> _DATA_

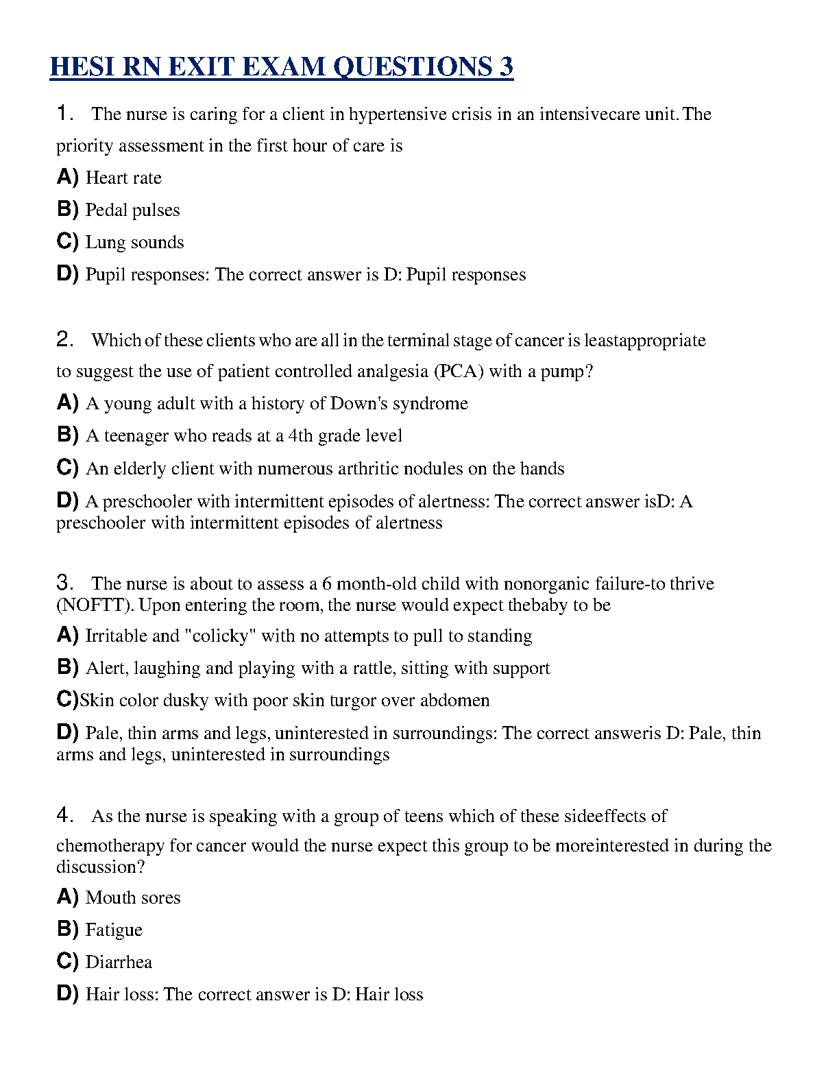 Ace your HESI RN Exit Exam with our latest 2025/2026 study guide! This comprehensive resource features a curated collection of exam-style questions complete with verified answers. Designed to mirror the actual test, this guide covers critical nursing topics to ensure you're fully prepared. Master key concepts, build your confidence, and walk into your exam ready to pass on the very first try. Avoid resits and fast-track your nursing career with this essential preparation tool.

--

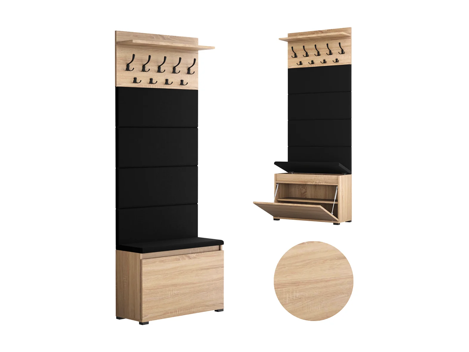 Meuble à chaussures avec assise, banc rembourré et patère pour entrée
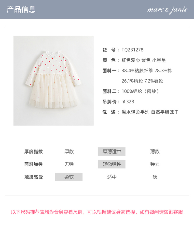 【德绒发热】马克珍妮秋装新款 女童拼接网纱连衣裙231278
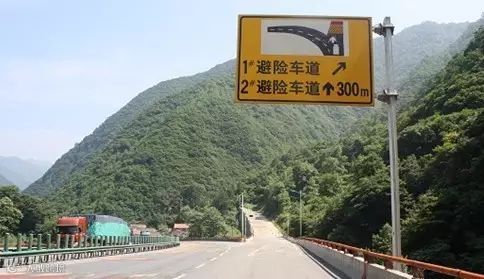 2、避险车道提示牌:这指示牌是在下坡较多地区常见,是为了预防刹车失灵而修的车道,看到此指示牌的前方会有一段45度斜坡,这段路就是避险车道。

> _EXERCISE DIRECTIONS_
Transcribe only the lines above that start at the line containing "Meuble à chaussures" and end at the line containing "2、避险车道提示牌:这指示牌". Omit pictures.

> _THE COMPLETED TASK_
 Meuble à chaussures avec assise, banc rembourré et patère pour entrée
 【德绒发热】马克珍妮秋装新款 女童拼接网纱连衣裙231278
 2、避险车道提示牌:这指示牌是在下坡较多地区常见,是为了预防刹车失灵而修的车道,看到此指示牌的前方会有一段45度斜坡,这段路就是避险车道。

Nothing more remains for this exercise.